##### Deanonymising group B's dataset 

Anonymisation techniques: 
- Pram on evote, zip, citizenship and party 
- Grouping on age -> age groups 
- Grouping on education levels -> broader categories 
- Recoding citizenship into boolean Danish citizenship 
- Removed name, dob 
- Masking the party variable + randomly morphed the 2 entries marked as "Invalid Vote" ??
- Masked the zip variable - assigninng a random zip region to each zip code 
- k-anonomity of 2 (supression)

Importing libraries 

In [32]:
import pandas as pd
import functions 
from datetime import date

Loading in their data

In [33]:
# global recoding on age and pram on sex 
anonymised_data = pd.read_csv("deanon_data/anonymised_dataB.csv")
# global recoding on age, global recoding on marital status 
register_data = pd.read_excel("deanon_data/public_data_registerB.xlsx")
# global recodign on age, global recoding on marital status, and pram on sex 
results_data = pd.read_excel("deanon_data/public_data_resultsB.xlsx")

Preparing the results data 
- Converting age -> age groups 
- Converting citizenship into boolean Danish_citizenship
- Masking zip code into region ???

In [34]:
# convert dob to age 
def calculate_age(born):
    today = date.today()
    return today.year - born.year - ((today.month, today.day) < (born.month, born.day))
register_data["dob"] = pd.to_datetime(register_data["dob"])
register_data['age'] = register_data['dob'].apply(lambda x: calculate_age(x))

# convert age to age groups 
age_bins = [18, 29, 39, 49, 59, 69, 1000]  # Adjust as needed
age_labels = ["18-29", "30-39", "40-49", "50-59", "60-69", "70+"] 
register_data['age_group'] = pd.cut(register_data['age'], bins=age_bins,right=True, labels=age_labels, include_lowest=True)

In [35]:
# define function 
def danish(x): 
    if x == "Denmark": 
        return True 
    else: 
        return False 

register_data["Danish_Citizenship"]= register_data["citizenship"].apply(lambda x: danish(x))

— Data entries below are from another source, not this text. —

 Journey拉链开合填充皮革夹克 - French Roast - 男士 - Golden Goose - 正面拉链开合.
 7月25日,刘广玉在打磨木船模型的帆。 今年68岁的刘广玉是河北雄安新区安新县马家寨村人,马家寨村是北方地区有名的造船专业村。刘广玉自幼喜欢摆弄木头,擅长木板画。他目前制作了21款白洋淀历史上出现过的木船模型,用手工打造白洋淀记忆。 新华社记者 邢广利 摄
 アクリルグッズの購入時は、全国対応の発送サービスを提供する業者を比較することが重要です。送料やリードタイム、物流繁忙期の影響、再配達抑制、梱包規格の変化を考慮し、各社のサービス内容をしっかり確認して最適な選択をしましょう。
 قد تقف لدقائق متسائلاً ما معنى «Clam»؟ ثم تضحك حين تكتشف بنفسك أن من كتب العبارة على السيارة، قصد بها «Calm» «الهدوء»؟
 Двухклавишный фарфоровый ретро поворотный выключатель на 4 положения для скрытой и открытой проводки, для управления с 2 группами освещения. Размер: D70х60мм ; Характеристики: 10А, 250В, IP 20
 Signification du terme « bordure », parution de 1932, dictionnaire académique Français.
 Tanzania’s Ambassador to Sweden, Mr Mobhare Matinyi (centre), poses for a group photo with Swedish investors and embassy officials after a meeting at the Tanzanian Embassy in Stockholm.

Getting survey voters from register data 

In [36]:
quasi = ['sex', 'marital_status', 'age_group', 'Danish_Citizenship']

with open("deanon_data/survey_listB.txt", "r") as my_file:
    # Read the file content
    data = my_file.read()
    
    # Split the text into a list by newline ('\n')
    data_into_list = data.split("\n")

survey_voters = register_data.query('name in @data_into_list')
survey_voters = survey_voters[quasi+["name"]]
survey_voters

Unnamed: 0,sex,marital_status,age_group,Danish_Citizenship,name
0,Female,Never married,18-29,False,"Dang, Lila"
12,Female,Never married,18-29,True,"Rivera, Gabriela"
14,Male,Never married,18-29,True,"Vogel, William"
18,Female,Never married,18-29,True,"Palacios, Mireya"
25,Male,Never married,18-29,False,"Mcclain, Vaughn"
...,...,...,...,...,...
1503,Male,Never married,60-69,True,"Lau, Francis"
1517,Male,Divorced,60-69,True,"Hanshaw, William"
1518,Female,Widowed,70+,True,"al-Dar, Waneesa"
1521,Male,Married/separated,70+,True,"al-Tabatabai, Tammaam"


Computing k-anonimity violations

In [37]:
functions.k_anonymity_violations(anonymised_data, quasi)

{2: (19, 9.595959595959595),
 3: (45, 22.727272727272727),
 5: (62, 31.313131313131315)}

In [38]:
k2_violations_anon = functions.identify_k_anonymity_violations(anonymised_data, quasi)

In [45]:
# Merge the datasets
merged_data = pd.merge(survey_voters, anonymised_data, 
                       on=quasi, 
                       how="inner")

# Count the number of matches for each 'survey_voter_id' (or the unique ID for survey_voters)
match_counts = merged_data['name'].value_counts()

# Filter survey_voters with exactly one match
valid_matches = merged_data[merged_data['name'].isin(match_counts[match_counts == 1].index)]
valid_matches[quasi+["name", "party"]]

Unnamed: 0,sex,marital_status,age_group,Danish_Citizenship,name,party
519,Female,Divorced,30-39,True,"al-Yasin, Rumaana",Green
520,Male,Divorced,18-29,True,"Samoy, Michael",Green
930,Male,Widowed,50-59,True,"al-Moradi, Shaheer",Green
1245,Female,Divorced,60-69,False,"Garcia, Shamika",Green
1246,Female,Married/separated,18-29,True,"Adams, Samantha",Green
1280,Male,Never married,60-69,True,"Kanherkar, Tue Yer",Red
1281,Male,Never married,60-69,True,"Lau, Francis",Red
1292,Female,Never married,50-59,False,"Silverston, Aylissa",Red
1297,Female,Married/separated,40-49,False,"Stripling, Liana",Green
1304,Male,Never married,40-49,False,"Bullard, Matthew",Green